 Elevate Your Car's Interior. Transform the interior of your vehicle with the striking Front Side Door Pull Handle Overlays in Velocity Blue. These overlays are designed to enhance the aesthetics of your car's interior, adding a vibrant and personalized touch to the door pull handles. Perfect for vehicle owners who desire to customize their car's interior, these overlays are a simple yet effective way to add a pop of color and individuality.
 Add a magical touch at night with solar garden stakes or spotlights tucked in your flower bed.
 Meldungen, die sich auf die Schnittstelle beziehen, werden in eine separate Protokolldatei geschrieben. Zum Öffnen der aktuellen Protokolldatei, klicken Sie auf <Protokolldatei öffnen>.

---

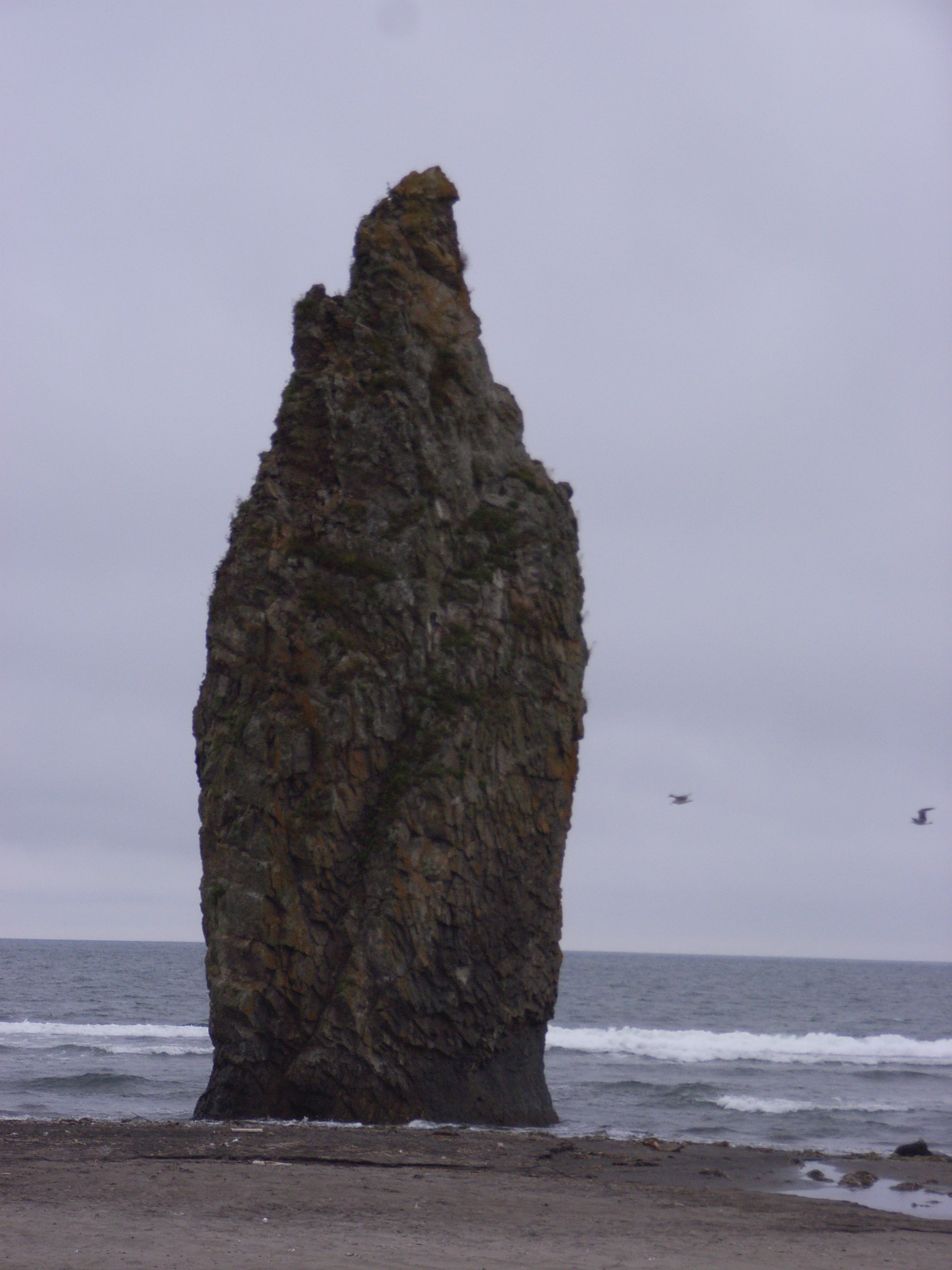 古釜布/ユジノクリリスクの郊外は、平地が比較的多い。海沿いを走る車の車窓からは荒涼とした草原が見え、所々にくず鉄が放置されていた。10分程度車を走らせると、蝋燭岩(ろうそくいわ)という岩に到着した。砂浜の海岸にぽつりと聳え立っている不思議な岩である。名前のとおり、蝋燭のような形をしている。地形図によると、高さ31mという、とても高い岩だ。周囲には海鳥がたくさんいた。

_PROBLEM DETAILS:_
Output exactly the lines of the material above from the one containing "Elevate Your Car's" up to and including the one containing "Meldungen, die sich".

_RESULT OF THE TASK:_
 Elevate Your Car's Interior. Transform the interior of your vehicle with the striking Front Side Door Pull Handle Overlays in Velocity Blue. These overlays are designed to enhance the aesthetics of your car's interior, adding a vibrant and personalized touch to the door pull handles. Perfect for vehicle owners who desire to customize their car's interior, these overlays are a simple yet effective way to add a pop of color and individuality.
 Add a magical touch at night with solar garden stakes or spotlights tucked in your flower bed.
 Meldungen, die sich auf die Schnittstelle beziehen, werden in eine separate Protokolldatei geschrieben. Zum Öffnen der aktuellen Protokolldatei, klicken Sie auf <Protokolldatei öffnen>.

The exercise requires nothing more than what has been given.